In my shop, if we make one angle cut we make 50. It is just faster and more accurate to chuck them in the bandsaw. I have made plenty of angle cuts with the saw. However, you do run the risk of wrecking your blade faster.


----------



## last125eagle (Jan 21, 2010)

We use a a standard miter saw ( old one) and a carbide Milwaukee metal blade at the welding shop I work at. We also throw is in a worm gear driven hand saw. The blades are 65 a pop though. They sell a cheaper saw blade for them but they do not seem to hold up at all. The blades make cuts that are good enough for welding.

My favorite though for all things metal cutting would be the old work horse do all band saw. * swoons* It cuts, it welds its own blades, and it is the lovely old do all olive drab coloring. This also makes very precise cuts and with the proper wax blades can last a long time. If not set up properly though the cuts can be less than precise. 

Also if you need to go really precise you can go for an old Bridgeport. It may not be machinist precise but you never know there are a lot out there to be had as of late. I will do almost everything you want to do with metal and wood and more. You can use it to clean up bad or rough cuts from other things. You can face things flat, at angles cut slots, sky's the limit with the proper vise and hold downs.


----------



## n1ghtmar3 (Jan 22, 2010)

I have the Jet Version of the Horizontal band saw footer posted it is great You can put several sticks in at a time has its own coolant system. It was well worth the money. The cold cut saws have always treated me good to. I have never had very good luck with the abrasive saws and they are load. With our horizontal band it has its on speed control for the rate it drops and there is very little grinding to do to clean up the edge of the cut.


----------



## SweetBennyFenton (Jan 22, 2010)

Alright... Thanks for the advice everyone!

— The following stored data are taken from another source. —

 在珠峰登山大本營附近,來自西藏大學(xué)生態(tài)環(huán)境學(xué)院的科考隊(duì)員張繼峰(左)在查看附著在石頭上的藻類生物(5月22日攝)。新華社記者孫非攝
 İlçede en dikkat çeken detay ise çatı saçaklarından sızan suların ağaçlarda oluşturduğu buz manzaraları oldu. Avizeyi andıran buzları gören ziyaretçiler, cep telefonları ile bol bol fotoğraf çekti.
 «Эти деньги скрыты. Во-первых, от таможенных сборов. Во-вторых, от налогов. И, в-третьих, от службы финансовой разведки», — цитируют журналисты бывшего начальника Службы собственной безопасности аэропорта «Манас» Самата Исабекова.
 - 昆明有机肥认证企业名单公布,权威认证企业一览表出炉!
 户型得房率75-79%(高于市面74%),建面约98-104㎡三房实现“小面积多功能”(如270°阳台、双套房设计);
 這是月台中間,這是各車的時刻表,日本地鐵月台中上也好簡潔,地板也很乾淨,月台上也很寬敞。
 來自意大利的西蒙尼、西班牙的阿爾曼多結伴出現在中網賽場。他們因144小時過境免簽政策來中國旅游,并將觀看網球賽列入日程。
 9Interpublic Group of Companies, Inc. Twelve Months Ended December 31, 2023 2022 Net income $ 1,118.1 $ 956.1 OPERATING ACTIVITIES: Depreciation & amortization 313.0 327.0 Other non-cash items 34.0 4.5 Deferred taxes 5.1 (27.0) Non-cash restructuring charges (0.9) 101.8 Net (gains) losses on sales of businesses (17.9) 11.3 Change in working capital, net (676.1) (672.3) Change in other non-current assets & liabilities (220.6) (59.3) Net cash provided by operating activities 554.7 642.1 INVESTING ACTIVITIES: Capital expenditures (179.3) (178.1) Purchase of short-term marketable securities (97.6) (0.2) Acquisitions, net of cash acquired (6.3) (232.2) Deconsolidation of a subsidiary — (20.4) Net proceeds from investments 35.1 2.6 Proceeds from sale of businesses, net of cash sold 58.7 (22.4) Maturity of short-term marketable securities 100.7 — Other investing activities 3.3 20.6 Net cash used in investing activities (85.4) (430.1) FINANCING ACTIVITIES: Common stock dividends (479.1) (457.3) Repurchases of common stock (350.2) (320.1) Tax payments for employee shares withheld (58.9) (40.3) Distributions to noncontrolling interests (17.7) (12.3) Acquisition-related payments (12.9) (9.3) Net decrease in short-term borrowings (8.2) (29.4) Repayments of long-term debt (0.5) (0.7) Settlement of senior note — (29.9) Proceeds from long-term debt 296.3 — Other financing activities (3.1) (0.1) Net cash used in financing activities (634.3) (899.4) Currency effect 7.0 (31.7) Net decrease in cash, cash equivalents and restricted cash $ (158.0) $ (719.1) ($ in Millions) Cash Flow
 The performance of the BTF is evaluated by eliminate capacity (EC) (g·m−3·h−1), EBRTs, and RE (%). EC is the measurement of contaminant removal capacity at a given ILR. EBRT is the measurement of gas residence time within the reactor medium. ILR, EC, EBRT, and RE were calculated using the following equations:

I think I'm going to go with The Jet H/V band saw. 
JET Tools - HVBS-56M, 5" x 6" Capacity Bandsaw, 1/2 HP, 1Ph, 115/230V

That should leave me with enough money at the end of the season to buy a nice porta-band as well.

Woo... I love upgrading my shop.


----------



## Van (Jan 22, 2010)

SweetBennyFenton said:


> Alright... Thanks for the advice everyone!
> 
> I think I'm going to go with The Jet H/V band saw.
> JET Tools - HVBS-56M, 5" x 6" Capacity Bandsaw, 1/2 HP, 1Ph, 115/230V
> ...


 Check out Hall Tool and supply, Acme Tool and supply, Chas Day Co. and Portland Contractors supply before you buy it anywhere. Hall and Acme are over on Grand and MLK respectivly, Contractors is on SE 9 or 10th, and Chas Day is just south of stark on 11th I think.


----------



## SweetBennyFenton (Jan 22, 2010)

Van said:


> Check out Hall Tool and supply, Acme Tool and supply, Chas Day Co. and Portland Contractors supply before you buy it anywhere. Hall and Acme are over on Grand and MLK respectivly, Contractors is on SE 9 or 10th, and Chas Day is just south of stark on 11th I think.



Thanks yet again Van.


----------



## Dionysus (Jan 23, 2010)

I love using cold-cut saws


Pours coolant over what you are cutting, the blade turns much slower, no sparks and less flying debris (and a LOT QUIETER).
My college had a nice cold-cut and a couple multi-cutter saws (with a stock of various blades). Very nice. The cold cut is expensive, but in my opinion if I was to put together a scene shop working with metal I'd buy a cold cut no questions asked.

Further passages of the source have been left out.